Eventual speciation results in a new taxon or group of plants (that share chemical similarity). – However, novel mutations or recombinations appear in certain individuals of an insect population that can overcome the novel plant defences. – These insects then enter their own adaptive zone, where they radiate into a number of species. These species are then capable of radiating onto previously radiated plants containing the novel compounds.
This therefore forms a new taxon of herbivores. The process of escalation may then continue. Ehrlich and Raven (1964) gathered evidence to support this idea. They investigated the associations between major taxa of butterflies and their host plants, and argued that most butterfly taxa are each related to a few families of plants, hence showing “escape and radiative coevolution” after conquering each new adaptive zone. For example, major butterfly-plant host associations include: * Papilionideae on Aristolochiaceae * Pierinae on Capparidaceae * Ithomiinae on Solanaceae
Another striking example of an evolutionary arms race was when Berenbaum investigated the diversification of coumarin-containing plants. Certain plants have altered coumarin molecules. For example, 30 families of plants contained an altered version, furanocoumarin. An additional eight families of plants (mostly within the genera Rutaceae and Umbelliferae) contained linear furanocoumarins, and angular furanocoumarins were found in only 13 genera. He found that the diversity of plant species containing coumarin-based molecules increased as the complexity of the molecule increased.

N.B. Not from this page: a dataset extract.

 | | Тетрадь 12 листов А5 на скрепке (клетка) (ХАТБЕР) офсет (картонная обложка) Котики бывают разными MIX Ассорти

Hence genera containing angular furanocoumarins were the most speciose, followed by the genera containing linear furanocoumarins etc. This investigation therefore strongly supports the idea that the evolution of phytochemical complexity has shifted plants into a new adaptive zone where speciation can occur. Also, the number of species of insect herbivores associated with each chemical type. This suggests that the insect species have in turn been able to manage each new form of coumarin, and therefore enter into their own new “adaptive zone”.
This sort of adaptive radiation and co-evolutution is referred to as “diffuse coevolution”, where an array of populations provides the selective pressure. Evidence of tight coevolutionary relationships, “paired coevolution”, in which only two species are coevolved , are not common. This is because, when referring to co-evolution between plants and animals, many different organisms can attack plants (including bacteria, fungi, viruses, nematodes, molluscs, mammals, birds and reptiles).

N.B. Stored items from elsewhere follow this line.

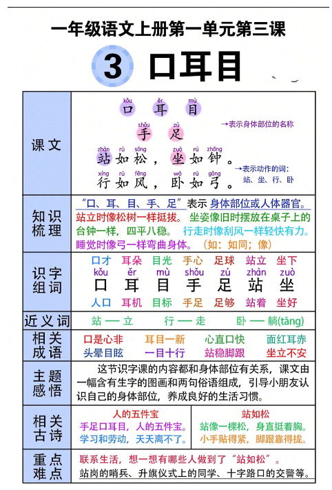 《一年级上册语文重点知识总结课课贴彩色版》
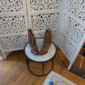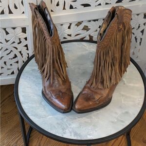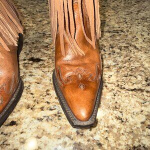 Stylish brown heeled boots with fringe detail. Intricate stitching on the toe. Perfect for a bold look. Very minimal use.
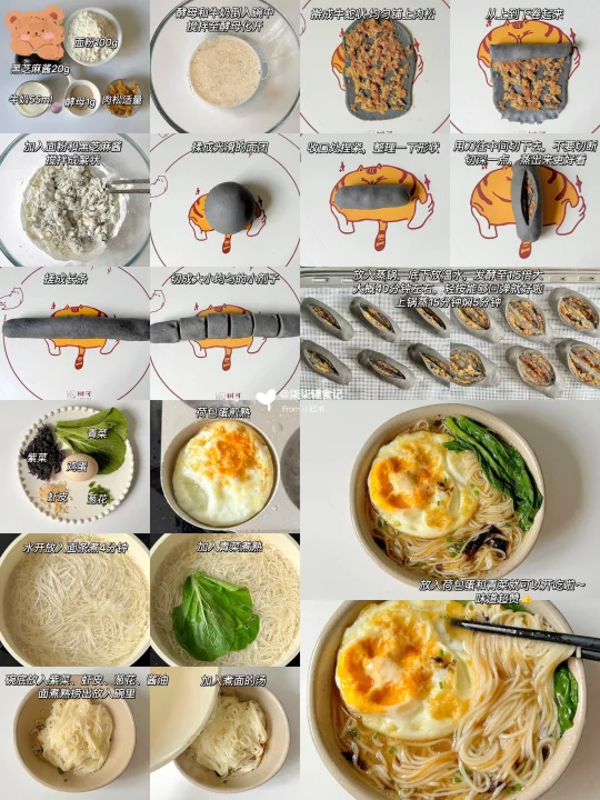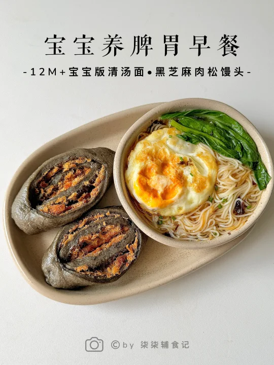 🥣黑芝麻肉松馒头➕宝宝版清汤面

There might therefore not expect such perfect adaptation or coadaptation between insects and plants, when so many organisms are attacking plants. Secondly, different species of insects can exert selection pressures in different directions. For example, tannins deter leaf-chewing insects herbivores on Quercus rubra, while at the same time attracting gall-forming leaf-mining insects. Hence the advantages of leaf tannins may be dependent on the relative densities of leaf chewing or endophagous herbivores.

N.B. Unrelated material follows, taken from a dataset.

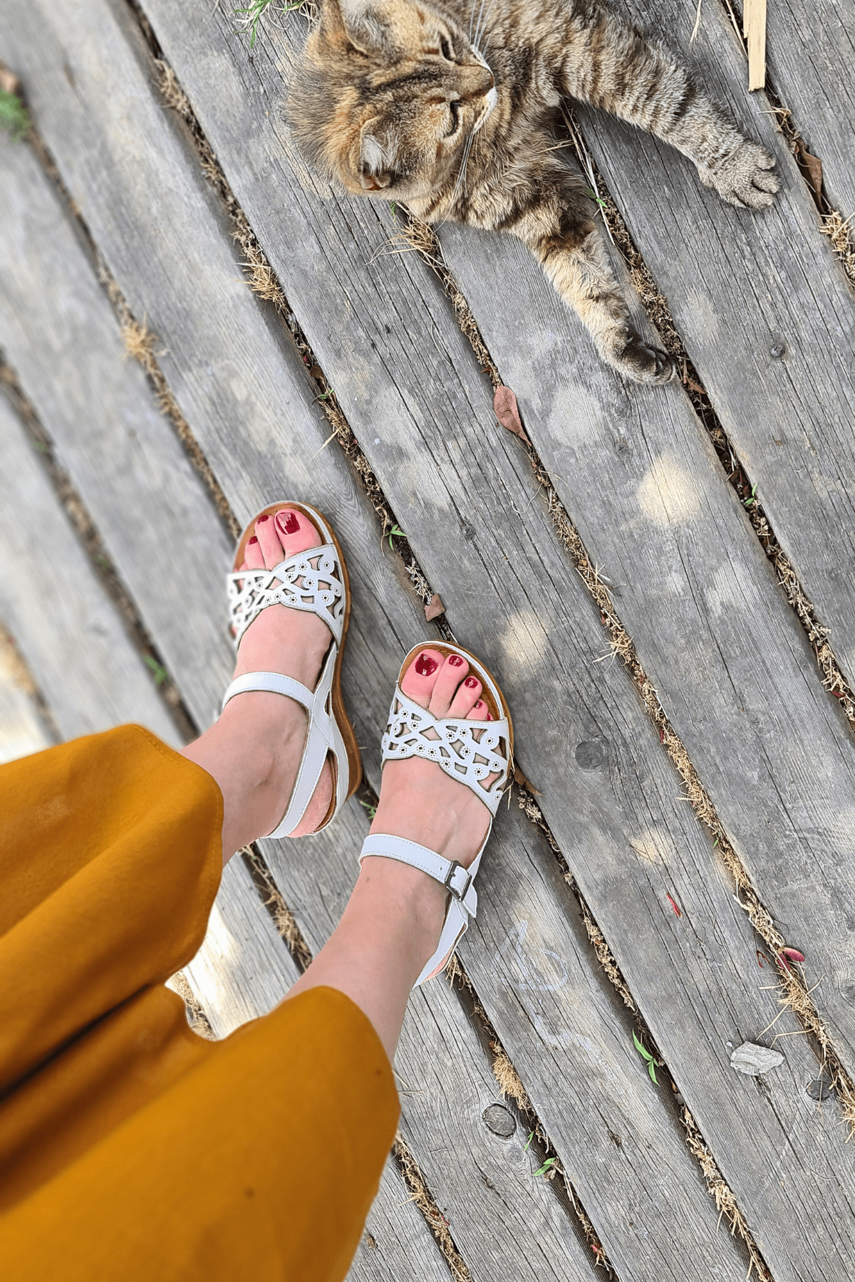 ÇOK BANTLI, İÇ DIŞ HAKİKİ DERİ, ARKA AYARLANABİLİR TOKALI,DESENLİ POLİÜRETAN MANTAR TABAN, DOLGU TOPUK.

Hence, in conclusion, predator-prey interactions very often lead to antagonistic evolution, known as evolutionary arms races. These arms races may in turn lead to adaptive radiation and the formation of new species of plants, insects and other organisms. However, whilst looking for any coevolutionary evidence in nature, it is important to consider all factors influencing the evolution of a species. Very often, what might appear to be coevolution between two species may in fact be evolution, but with selection pressures coming from a variety of directions , either abiotic or biotic.